* **Material shown**:

· · · · · · ·

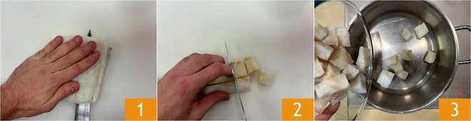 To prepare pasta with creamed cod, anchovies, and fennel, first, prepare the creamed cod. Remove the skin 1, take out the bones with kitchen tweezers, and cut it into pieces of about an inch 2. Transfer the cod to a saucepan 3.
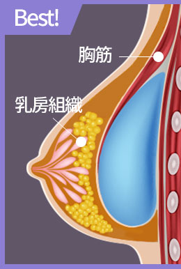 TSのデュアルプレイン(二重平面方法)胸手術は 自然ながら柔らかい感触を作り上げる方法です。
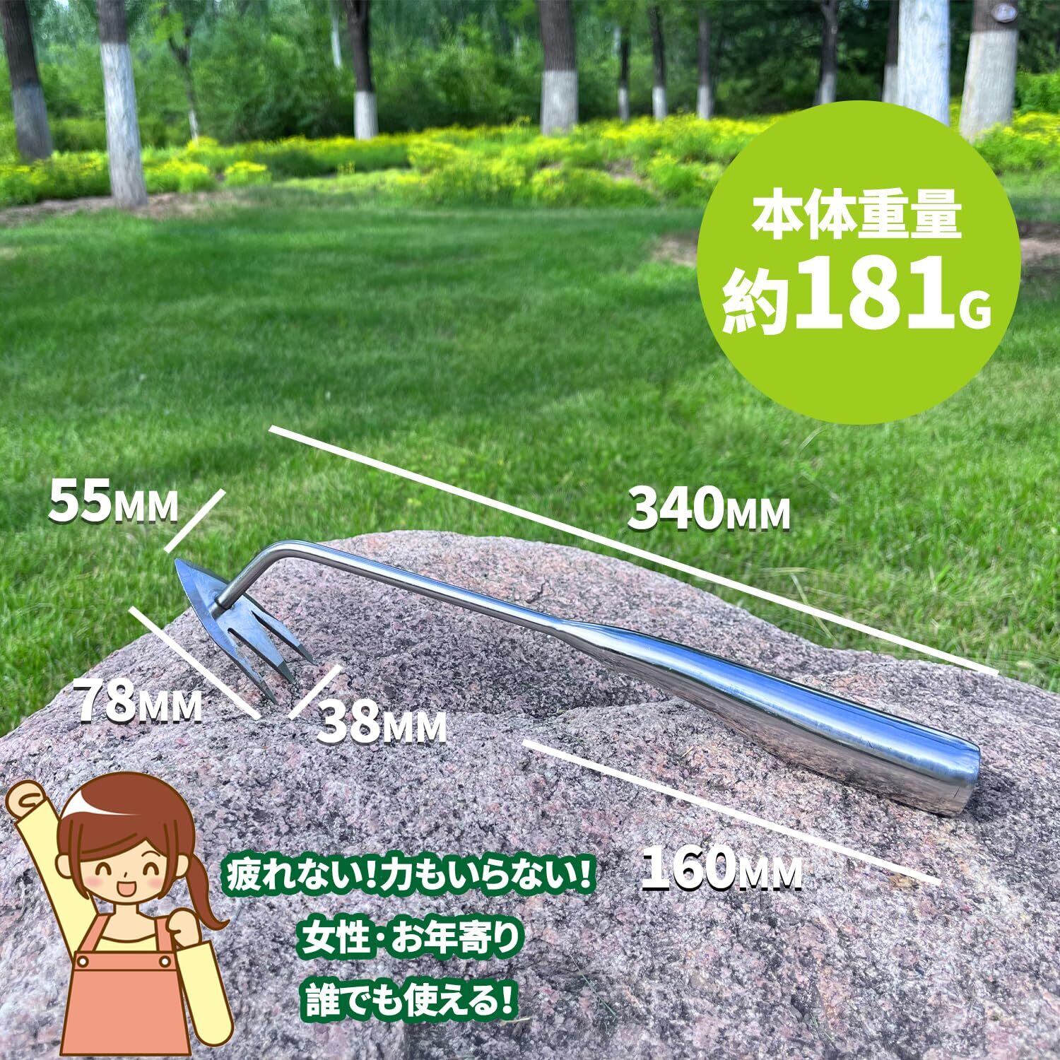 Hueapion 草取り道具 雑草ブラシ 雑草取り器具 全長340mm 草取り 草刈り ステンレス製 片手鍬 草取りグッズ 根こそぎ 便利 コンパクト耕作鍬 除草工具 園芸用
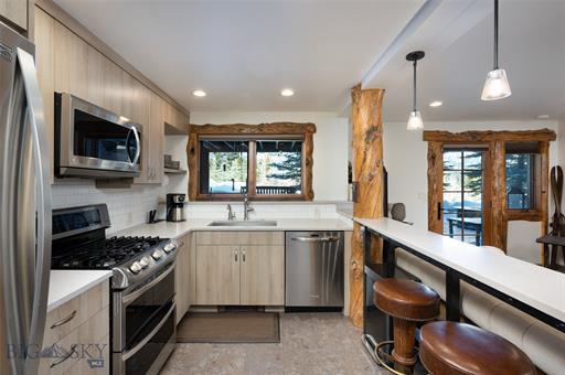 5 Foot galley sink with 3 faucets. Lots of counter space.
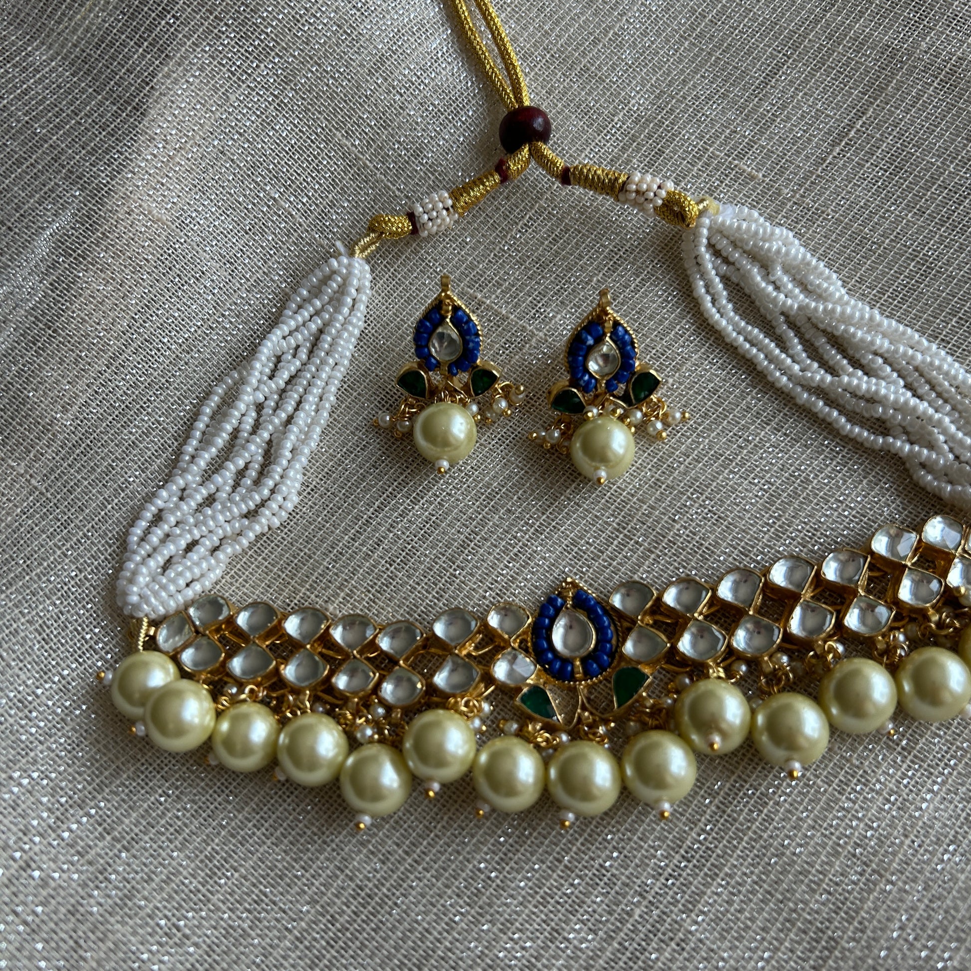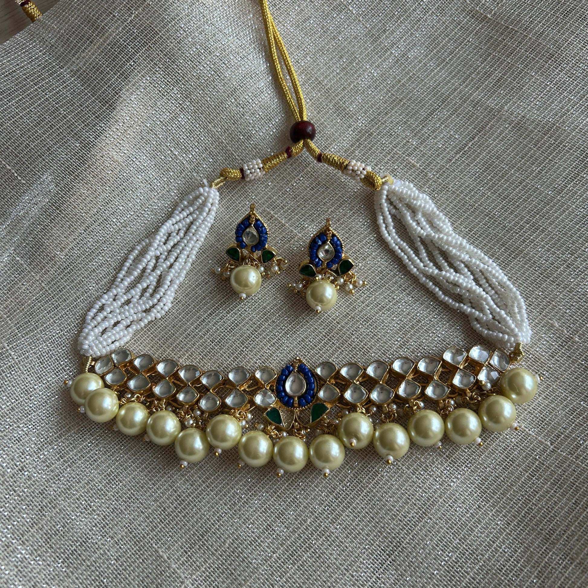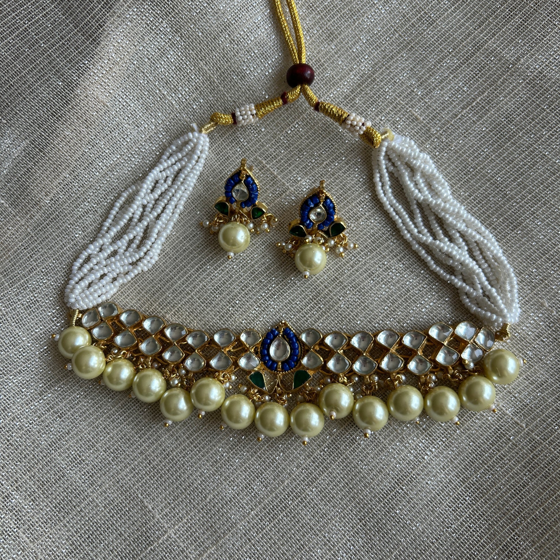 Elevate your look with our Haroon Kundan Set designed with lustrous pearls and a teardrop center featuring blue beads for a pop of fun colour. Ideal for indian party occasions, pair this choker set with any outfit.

· · · · · · ·

* **Task prompt**:
Would you set down the listing exactly, omitting pictures?

* **Task result**:
 To prepare pasta with creamed cod, anchovies, and fennel, first, prepare the creamed cod. Remove the skin 1, take out the bones with kitchen tweezers, and cut it into pieces of about an inch 2. Transfer the cod to a saucepan 3.
 TSのデュアルプレイン(二重平面方法)胸手術は 自然ながら柔らかい感触を作り上げる方法です。
 Hueapion 草取り道具 雑草ブラシ 雑草取り器具 全長340mm 草取り 草刈り ステンレス製 片手鍬 草取りグッズ 根こそぎ 便利 コンパクト耕作鍬 除草工具 園芸用
 5 Foot galley sink with 3 faucets. Lots of counter space.
 Elevate your look with our Haroon Kundan Set designed with lustrous pearls and a teardrop center featuring blue beads for a pop of fun colour. Ideal for indian party occasions, pair this choker set with any outfit.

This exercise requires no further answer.